To often in Christianity do we see God as separate individuals. This comes mostly from the way that so much scripture has been translated. We also see the Spirit in a masculine form, but even in the Greek, when actually speaking to gender, the Spirit is feminine. Most of the identities in this passage are inferred by the translator, and are not there in the Greek. I have taken the task of word by word translation of the text from the Greek. All this is using strong’s numbers, and easily checked. I also see the text as being filled with more promise and power that we can be assured of. I started studying this passage for a sermon on prayer that I am preparing, and got side tracked for over 2 hours. Enjoy, and reflect on these powerful words of Jesus.

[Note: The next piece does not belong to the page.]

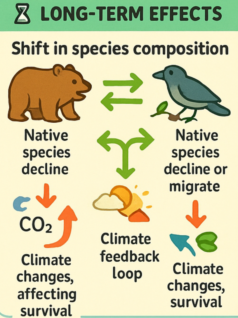 - If a new species dominates (invasive or adapted), native species may decline or migrate

If you put your faith in God, you will do the deeds that we have account of Jesus doing while he was here on earth. That’s all his deeds, from casting unclean spirits from people who were maimed and crippled, to celebrating the feast days and Sabbath, all the deeds that Jesus did, and even greater deeds caused by Jesus moving towards our father. Ask all that you ask in the authority of Jesus the Anointed, and God will do these things.

The condition that shows that you love God is to guard his commands. He didn’t just tell us that we need to do his commands to show our love for him, we HAVE TO guard them, protect them, and ensure them. This is a much greater task, it alludes to military action, we are to violently protect the commands of God, with force, we are to protect them, if not we are not proving our love.

Then Jesus requests of the father, likewise he shall bring forth more comfort, so as to remain accompanying you throughout the world. You are promised to always be comforted, with Jesus always near you anywhere you go in the cosmos.

The very breath of truth which the world has no possibility to attain, because considering of truth is absolutely not, never aware of truth: moreover you can speak this truth because these remains near you even will be resting in you. The world does not consider truth, and therefore cannot be aware of truth, but we speak truth, because truth is near us, and will be resting with us. Jesus is speaking of himself, the spirit of truth, the Torah, and that is what we are to profess.

No way forsaking you as comfortless, come enter forward to you. Jesus will not forsake us, or leave us without his comfort; he is coming forward into us.

Still a little while and this world consider me absolutely not still; now you consider me for I live you live likewise. In other words, even with all this, the world does not even think about Jesus, but we do, because we live like he lives. So if we think we are thinking about Jesus, we better be living like him, or we are not really even thinking of him.

In that time you absolutely know how I am in my father even you in me, and I also in you. So when we consider Jesus, and follow his ways will understand this concept of how he is in the father, and so are we in Jesus, and so Jesus in us, which by our human understanding is not possible.

Hold my commands and guard them, which profits love for me: moreover love for me is love of my Father, therefore I love them, likewise manifest myself to them. When we firmly follow and guard the commandments it shows our love for Jesus, and also for the father, and because of this, Jesus loves us and shows himself to us.

If you wish to contend with any of my paraphrase, please first show the minimal respect of looking at the text yourself and trying the same. That is only fair, if you have a question ask, but look at the text first if you wish to debate. Thank you.